Alaska was narrowly won by incumbent Vice-president Richard Nixon (R-California) with 50.9% of the popular vote against U.S. Senator John F. Kennedy (D-Massachusetts) with 49.1%; a 1.8% margin. Prior to the election, The New York Times declared Kennedy the favorite in the state.

Interior Department Chief Legal Officer (Solicitor) Ted Stevens managed Nixon's campaign in the state, being key to Nixon's narrow victory in what was then a solidly Democratic state which hadn't elected a Republican to state-wide office since James Wickersham was elected at-large Territorial Delegate in 1930. Stevens would become a U.S. Senator 8 years later.

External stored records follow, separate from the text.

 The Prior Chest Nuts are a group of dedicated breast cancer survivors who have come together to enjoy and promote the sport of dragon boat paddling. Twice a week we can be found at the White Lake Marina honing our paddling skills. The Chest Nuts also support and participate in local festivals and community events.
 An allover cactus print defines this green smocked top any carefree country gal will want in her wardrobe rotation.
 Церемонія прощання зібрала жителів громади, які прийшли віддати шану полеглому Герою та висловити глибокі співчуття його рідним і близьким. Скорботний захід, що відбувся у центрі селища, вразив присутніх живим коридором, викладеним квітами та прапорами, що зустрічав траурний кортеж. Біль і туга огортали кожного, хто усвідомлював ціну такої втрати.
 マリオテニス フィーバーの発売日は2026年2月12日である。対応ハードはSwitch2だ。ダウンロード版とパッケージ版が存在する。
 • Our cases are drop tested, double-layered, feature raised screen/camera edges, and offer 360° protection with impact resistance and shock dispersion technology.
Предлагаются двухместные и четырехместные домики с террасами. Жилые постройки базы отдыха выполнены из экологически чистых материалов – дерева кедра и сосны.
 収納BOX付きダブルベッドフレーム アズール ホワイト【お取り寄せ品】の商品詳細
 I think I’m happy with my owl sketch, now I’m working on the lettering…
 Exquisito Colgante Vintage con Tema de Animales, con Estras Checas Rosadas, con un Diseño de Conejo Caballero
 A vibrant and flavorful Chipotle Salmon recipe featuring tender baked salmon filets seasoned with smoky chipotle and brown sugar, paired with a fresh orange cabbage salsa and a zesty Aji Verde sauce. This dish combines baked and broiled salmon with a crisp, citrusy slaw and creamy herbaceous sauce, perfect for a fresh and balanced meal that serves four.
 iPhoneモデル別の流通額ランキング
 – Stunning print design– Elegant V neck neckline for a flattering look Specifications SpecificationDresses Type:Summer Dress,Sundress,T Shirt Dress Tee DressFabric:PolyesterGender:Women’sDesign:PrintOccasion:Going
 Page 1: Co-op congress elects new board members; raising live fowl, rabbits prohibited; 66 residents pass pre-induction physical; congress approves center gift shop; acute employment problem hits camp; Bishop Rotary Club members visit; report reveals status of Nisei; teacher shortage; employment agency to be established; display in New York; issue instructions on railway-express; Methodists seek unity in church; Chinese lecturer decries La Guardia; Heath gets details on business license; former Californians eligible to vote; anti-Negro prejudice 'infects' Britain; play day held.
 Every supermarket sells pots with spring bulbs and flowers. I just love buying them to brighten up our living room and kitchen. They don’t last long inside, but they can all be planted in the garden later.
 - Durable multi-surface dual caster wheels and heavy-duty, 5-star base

This is the only time a Democrat was elected without carrying Bethel.
Kennedy's 49.06% vote share remains the second best of any Democrat in a presidential election in the state, after Lyndon B. Johnson's landslide victory in the following election.

==Results==

1960 United States presidential election in Alaska
| Party |  | Candidate | Votes | Percentage | Electoral votes |
|  | Republican | Richard Nixon | 30,953 | 50.94% | 3 |
|  | Democratic | John F. Kennedy | 29,809 | 49.06% | 0 |
| Totals |  |  | 60,762 | 100.00% | 3 |

==Electors==
With statehood, Alaska was given three votes in the Electoral College. This has continued to be the case to the present day. Alaska's electors in 1960 were:

1. Charles D. Jones, of Nome
2. Milton D. Snodgrass, of Palmer
3. Sylvia Ringstad, of Fairbanks

==See also==
- United States presidential elections in Alaska
- 1960 United States Senate election in Alaska

==Bibliography==
- Slotnick, Herman E. (1961). "The 1960 Election in Alaska"
- "State of Alaska Secretary of State Official Returns General Election (November 8, 1960)"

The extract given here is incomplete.